In my USA life, I was a teacher in Texas for 15 years. I was also a professional photographer, a soccer mom, a horsewoman, and the neighborhood hospitality queen. I did "Joanna Gaines farmhouse style" before Chip and JoJo were even a thing - we restored an 1884 Victorian farmhouse in small town Texas and did shiplap walls until I thought I'd go crazy. I taught at NASA, scuba dived with astronauts in training, and studied animals at Sea World for educational purposes. I've tried just about everything, because I have an insatiable need to know if I can do it! Never underestimate a Texas girl in cowboy boots!

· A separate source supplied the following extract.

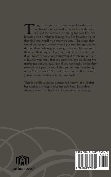 Things aren't quite what they seem. One day you are sharing a mocha with your friends at the local cafe and the next you're running for your life. Not knowing who or what is chasing you. Just knowing that if they find you, you'll wish you were dead. The things they would do, the torture they would put you threw and in the end if you where good enough, they would keep you as their pet, their puppet. Use you for their petty work. But if you weren't good enough they would throw you out. Or at least let you think that you were free. You would get five maybe ten minutes head start if you were lucky before they released their pets on you. Using you in turn for training of the "Better Stock". Survival, there is none. Because once you are captured there is no turning back. That is the life Augusta's parents had known, the life that her mother is trying to keep her safe from. Little does Augusta know that her life will soon never be the same.

In 2006, my husband Billy and I became cross-cultural workers (CCWs) with TMS Global. For five years, we served in three rural Quechua Wanca villages in the Andes of Peru. And when I say rural, I mean RURAL - like no potty! I spent my days in Peru learning to live a Quechua lifestyle in a rustic adobe house - cooking Peruvian foods, sewing with Quechua women, raising my chickens and goats and pigs, and planting my gardens. Now I live my life in small town Spain, serving other cross-cultural workers via teaching and training and care, and helping displaced people to navigate their new reality in Europe.
I'm passionate about fostering personal growth, growth in community, and growth in The Kingdom. Walking alongside others and helping them to use their unique design, their gifts and strengths and maximize their abilities to fulfill their God-given purpose - that's what makes my heart sing!